If different choices were available for init, DNS resolver, service control manager, volume manager, etc... we would adversely contribute to the schizo distro landscape the people holding the money bags are actively trying to get away from.
With systemd it's an all-or-nothing deal. You get the good with the bad, but all distros shit the bed in the same, deterministic way.
Not even Windows does this. There is no "systemd" equivalent.
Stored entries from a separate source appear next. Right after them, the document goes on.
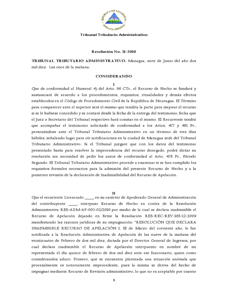 del contribuyente _____, interpuso Recurso de Hecho en contra de la Resolución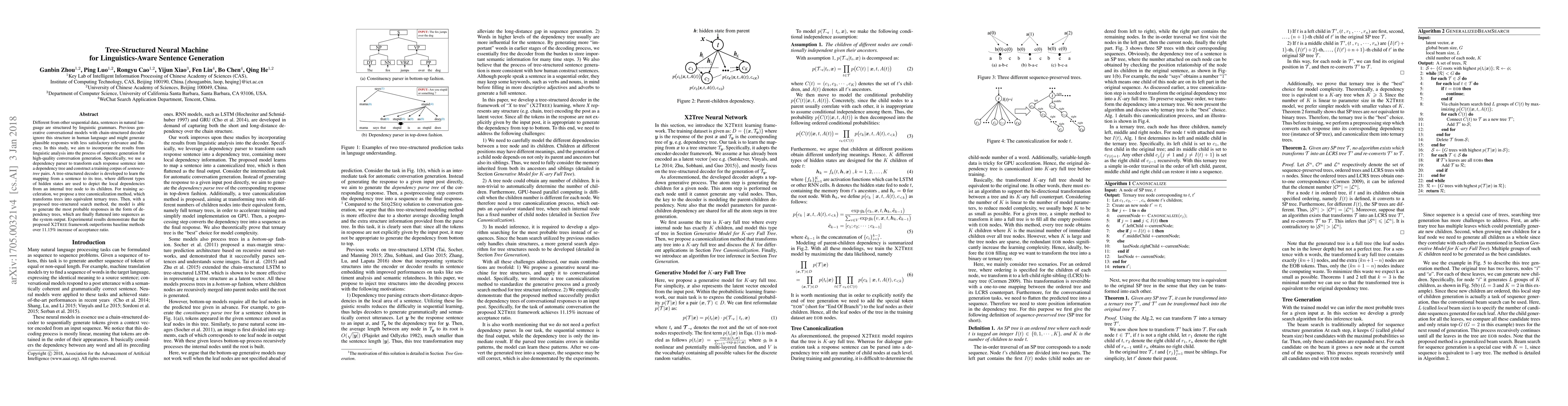 This paper proposes a tree-structured neural machine that integrates linguistic grammar into sentence generation, using a dependency tree parser and a tree-structured decoder to improve relevance and fluency in conversational responses. The X2Tree framework significantly outperforms baseline models by 11.15% in acceptance ratio.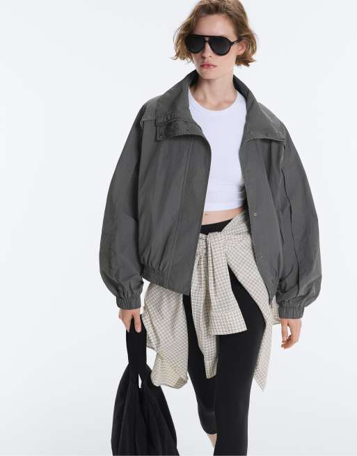 OYSHO Waterrepellent short track jacket with high neck in grey

Yes, Windows ships as a single OS—as do the BSDs—but all the components were developed separately.
If all they wanted was a service control manager, there were many (better) options already in existence they could have used.
For example, not all distros ship and use systemd-resolved by default, to choose from your list.
But, who is counting?
It has some really nice tools and features that Grub lacks (i.e. it has tooling for checking the state of things like secure boot and analysing the security risks of your boot configuration), but every mainstream Linux OS I've used still relies on tools like Grub to boot.
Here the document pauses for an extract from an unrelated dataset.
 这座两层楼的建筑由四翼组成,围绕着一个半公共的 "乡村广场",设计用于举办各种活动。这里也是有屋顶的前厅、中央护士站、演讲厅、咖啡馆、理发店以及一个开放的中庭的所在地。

I have some gripes with systemd-boot's limitations (notably, the insistence on an unthemed, white-on-black menu system that's not exactly enticing to Linux newcomers) but it's hard to deny its merits. Grub is tied together with a spider web of scripts calling each other, loading modules, generating code that is then executed again, and one mistake in one script can cause the bootloader config four scripts down the line to fail, leaving the system unbootable; the concise configuration file for systemd-boot makes for a much better bootloader configuration system in my opinion.
For many people Linux is not an academic exercise. It is a tool they want to use. The don't care to use a different network manager or resolver.
And that is exactly the same as Windows. There is one solution across the whole system and it works together because it is written by the same people and tested together.
I already laid the basic foundation and have the kernel loading into memory and booting. Next step is to get the memory map and pass that along. It's BIOS only for the moment; EFI support will come later, along with other architectures. (PowerPC is next.)